18 Advanced exercises

For the final part of the course we would like you to work on more open ended problems. The goal is to carry out the type of analyses that you would be doing for an actual research project.

Participants who have their own dataset that they are interested in should feel free to work with them.

For other participants we recommend downloading a dataset from the conquer resource (consistent quantification of external rna-seq data). conquer uses Salmon to quantify the transcript abundances in a given sample. For a given organism, the fasta files containing cDNA and ncRNA sequences from Ensembl are complemented with ERCC spike-in sequences, and a Salmon quasi-mapping index is built for the entire catalog. Then Salmon is run to estimate the abundance of each transcript. The abundances estimated by Salmon are summarised and provided to the user in the form of a MultiAssayExperiment object. This object can be downloaded via the buttons in the MultiAssayExperiment column. The provided MultiAssayExperiment object contains two “experiments”, corresponding to the gene-level and transcript-level values.
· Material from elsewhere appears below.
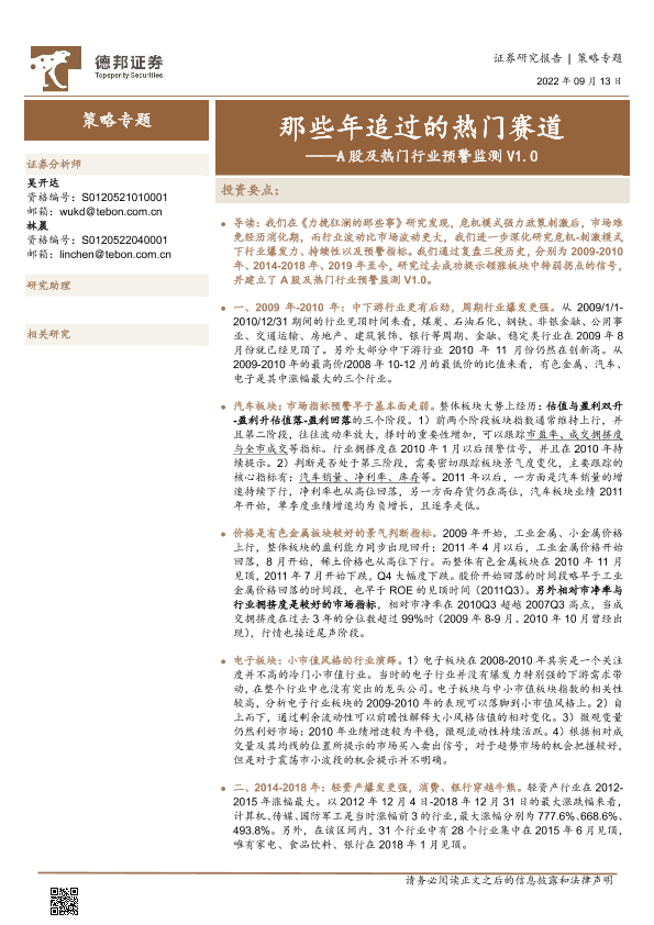 【德邦证券】【20220913】A股及热门行业预警监测V1.0:那些年追过的热门赛道-54页
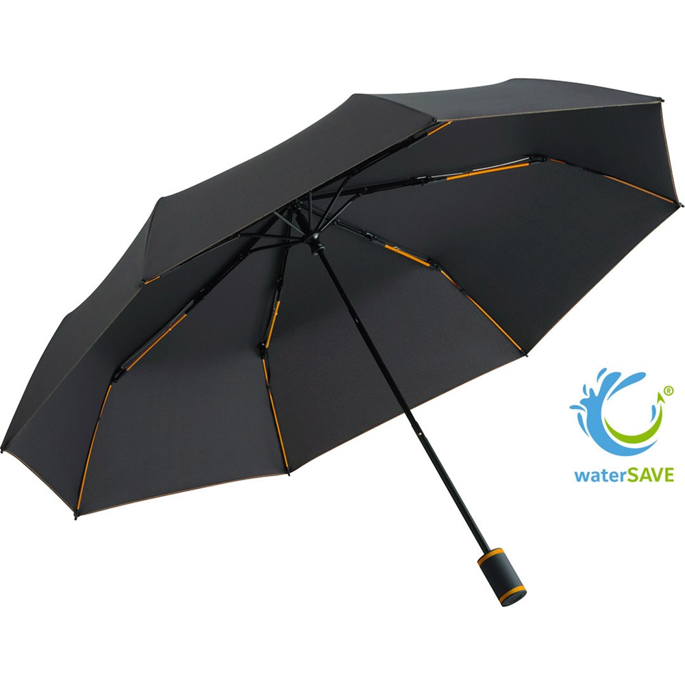 Stylish manual opening pocket umbrella with coloured elements Easy handling due to safety runner, high-quality Windproof PLUS system for maximum frame flexibility in stormy conditions, flexible fibreglass ribs, polyester pongee material made of recycled plastics, eco-friendly thanks to original waterSAVE cover material, with waterSAVE® label on the closing strap, attractive design thanks to coloured ribs, handle rings and seams, Soft-Feel handle with promotional labelling option, sleeve with coloured seam. Also available as mini umbrella (art. 5484, 5584), midsize umbrella (art. 4784) and as golf umbrella (art. 2384).

The gene-level experiment contains four “assays”:

  • TPM
  • count
  • count_lstpm (count-scale length-scaled TPMs)
  • avetxlength (the average transcript length, which can be used as offsets in count models based on the count assay, see here).

The transcript-level experiment contains three “assays”:

  • TPM
  • count
  • efflength (the effective length estimated by Salmon)

The MultiAssayExperiment also contains the phenotypic data (in the colData slot), as well as some metadata for the data set (the genome, the organism and the Salmon index that was used for the quantification).

Here we will show you how to create an SCE from a MultiAssayExperiment object. For example, if you download Shalek2013 dataset you will be able to create an SCE using the following code:

You can also see that several different QC metrics have already been pre-calculated on the conquer website.

Here are some suggestions for questions that you can explore:

  • There are two mESC datasets from different labs (i.e. Xue and Kumar). Can you merge them and remove the batch effects?

  • Clustering and pseudotime analysis look for different patterns among cells. How might you tell which is more appropriate for your dataset?

  • One of the main challenging in hard clustering is to identify the appropriate value for k. Can you use one or more of the clustering tools to explore the different hierarchies available? What are good mathematical and/or biological criteria for determining k?

  • The choice of normalization strategy matters, but how do you determine which is the best method? Explore the effect of different normalizations on downstream analyses.

  • scRNA-seq datasets are high-dimensional and since most dimensions (ie genes) are not informative. Consequently, dimensionality reduction and feature selection are important when analyzing and visualizing the data. Consider the effect of different feature selection methods and dimensionality reduction on clustering and/or pseudotime inference.

  • One of the main challenges after clustering cells is to interpret the biological relevance of the subpopulations. One approach is to identify gene ontology terms that are enriched for the set of marker genes. Identify marker genes (e.g. using SC3 or M3Drop) and explore the ontology terms using gProfiler, WebGestalt or DAVID.

  • Similarly, when ordering cells according to pseudotime we would like to understand what underlying cellular processes are changing over time. Identify a set of changing genes from the aligned cells and use ontology terms to characterize them.